From another aspect, the society at present serves as an evidence of Baudrillard’s assumption in “symbolic exchange”.[3] In postmodern society, the behavior of consumption is not only based on the value of production but also the added values including symbol, identity and images. The price is not equivalent to the quality of the product; furthermore it demonstrates an additional value behind brand, style, design, concept and philosophy. When a virtual object is placed into the market as a real object through trading and exchanging, the consumer purchases an image, an ideology, a story or an aura instead of a real thing. Images, signs and information become real beings in the consumer society. The content of product is redefined by symbol and images; the form of exchange is operated beyond the geographic boundary, cultural differences and the power of hierarchy. It represents the characteristics of postmodernity: individual, uniqueness, diversification and nomad on the one hand, and the power of public on the other.
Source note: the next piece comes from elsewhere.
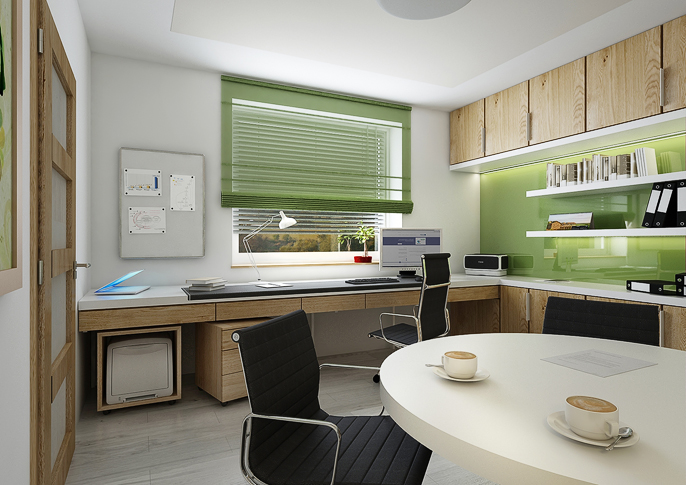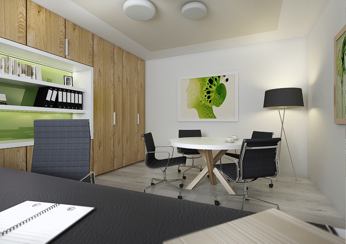 Soukromá pracovna pro účetní je řešena vysoce účelně, ale je myšleno i na estetický dojem, aby se zákazníci při konzultacích cítili dobře. Hlavním materiálem je dubová dýha v přírodním odstínu, která zatepluje celý interiér. Je zde v kombinaci s bílými prvky. Obě barevné varianty jsou navrženy ve stejném stylu. První varianta kombinuje přírodní materiál s růžovou barvou, druhá naopak se svěží zelenou.

Today urban screen can be regarded as a phenomenon of symbolic exchange transformed by visual representations into urban landscape. Since the early 2000s, a number of pioneering groups including realities: united, UNStudio, urbanscreen, ag4, LAb [au] and Diller Scofidio + Renfro have explored the notion of urban context with a variety of experiments in media facades, which transform architecture into the form of media. On the one hand, urban screen is an architecture of communication over the space which identities the meaning of urban space and itself; on the other hand, urban screen is a media approach to data exchange which expresses the nature of postmodern society – a culture of symbolic consumption.
[1] Koolhaas, Rem. (2000) The Pritzker Architecture Prize. The Hyatt Foundation.
[2] Debord, Guy. (1967) Society of the Spectacle. London, Rebel Press.
[3] Baudrillard, Jean. (1970) The Consumer Society: Myths and Structures. London, Sage Publication Ltd.